Blood sacrifice and the Nation: revisiting civil religion
http://www.asc.upenn.edu/usr/fcm/jaar.htm

and especially this passage:

"...Carlton Hayes... argued that Western nationalism adapted many features of
Christianity, in the shadow of which it first appeared. Citizens are born into
the nation-state, Hayes observed, just as supplicants once were born into the
Church. They have no choice but to be citizens, just as medieval Christians
were compelled to embrace the faith of their birth. The social geographer
Wilbur Zelinsky observes that the contemporary American flag has a visual
power and presence for its believers that is comparable to the medieval
crucifix. We agree. The flag in high patriotic ritual is treated with an awe and
deference that marks it as the sacred object of the religion of patriotism.
The flag is the skin of the totem ancestor held high. It represents the
sacrificed bodies of its devotees just as the cross, the sacred object of
Christianity, represents the body sacrificed to a Christian god. 

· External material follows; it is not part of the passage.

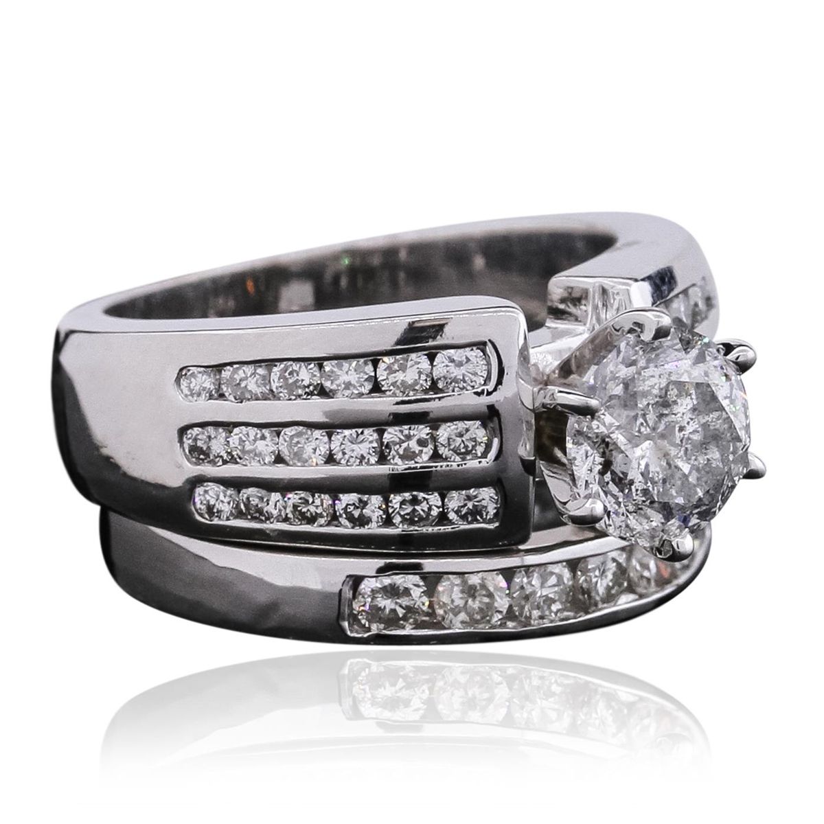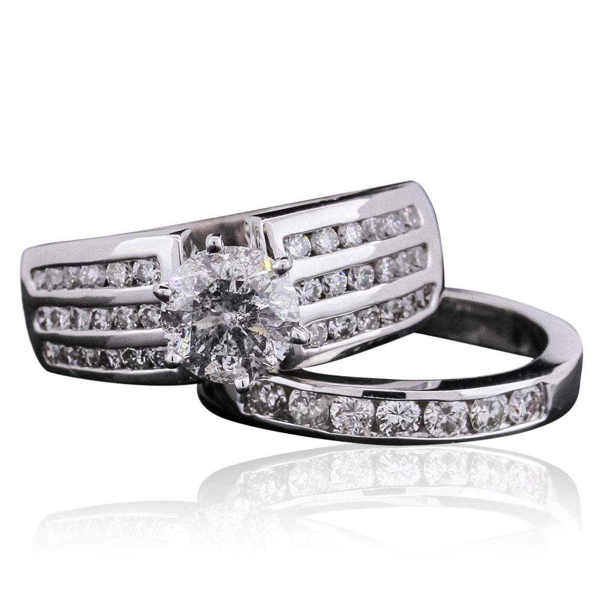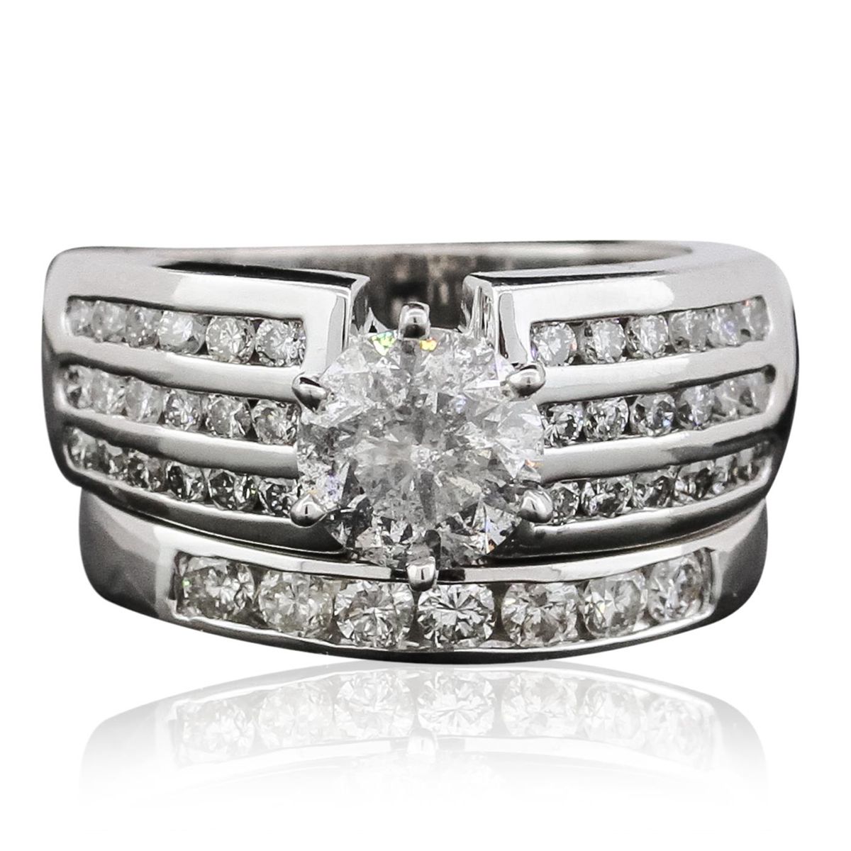 One electronically tested 14KT white gold ladies cast & assembled diamond wedding set. The wedding set includes a diamond engagement ring and a diamond wedding band. The engagement ring features a diamond supported by diamond set shoulders, completed by a four millimeter wide band. The set is completed by a matching diamond wedding band with a two and one-half millimeter wide band. Identified with markings of "14K". Condition is good. Containing: One prong set round brilliant cut diamond, measuring 7.25 - 7.23 x 4.45mm (depth est.) approximate weight of 1.52ct. Graded in the setting. Clarity: I-1 . Color: I. Depth 61.5%. Table 58.7%. Seven channel set round brilliant cut diamonds, measuring 2.50 - 2.40 x 1.47mm (depth est.) approximate total weight of 7 Stones = 0.47ct. Graded in the setting. Clarity: I-1 to I-2 . Color: H - J Thirty-Six channel set round brilliant cut diamonds, measuring 1.80 - 1.70 x 1.05mm (depth est.) approximate total weight of 36 Stones = 0.80ct. Graded in the setting. Clarity: SI-1 to I-1. Color: G - I. Total Weight of Diamonds 2.79ct. Total Weight of Wedding Set 14.70 grams. AIG Appraised at $31,095.00.
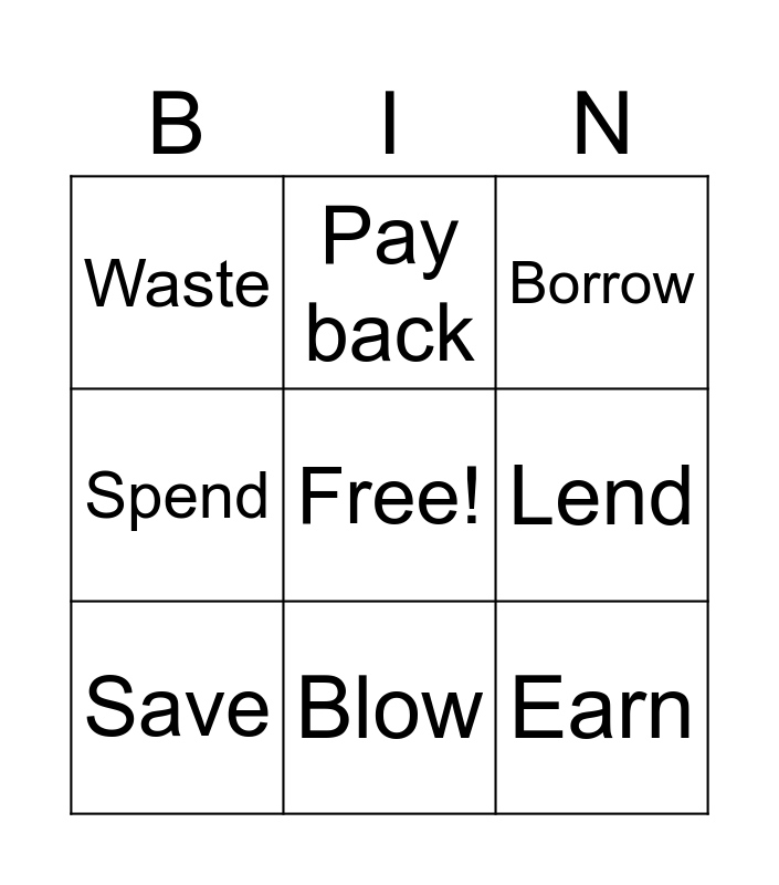 This bingo card has a free space and 8 words: Lend, Borrow, Pay back, Save, Waste, Earn, Spend and Blow.

The soldier carries his flag into battle as a sign of his willingness to die,
just as Jesus carried his cross to show his willingness to die. Both the cross
and the flag mark the border, the transformative point at which the believer
crosses over into death. In both Christianity and nationalism the violently
sacrificed body becomes the god renewed--in Durkheimian terms, the transformed
totem. In Christianity the revivified totem is the risen Christ. In American
nationalism the transformed totem is the soldier resurrected in the raised
flag. On the basis of his sacrifice the nation is rejuvenated. As the
embodiment of sacrifice, the flag has transforming power. Certain acts cannot
be performed except in its presence. It must be kept whole and perfect, as
holy things are, and ceremonially disposed of when it is no longer fit to
perform the functions of the totem object."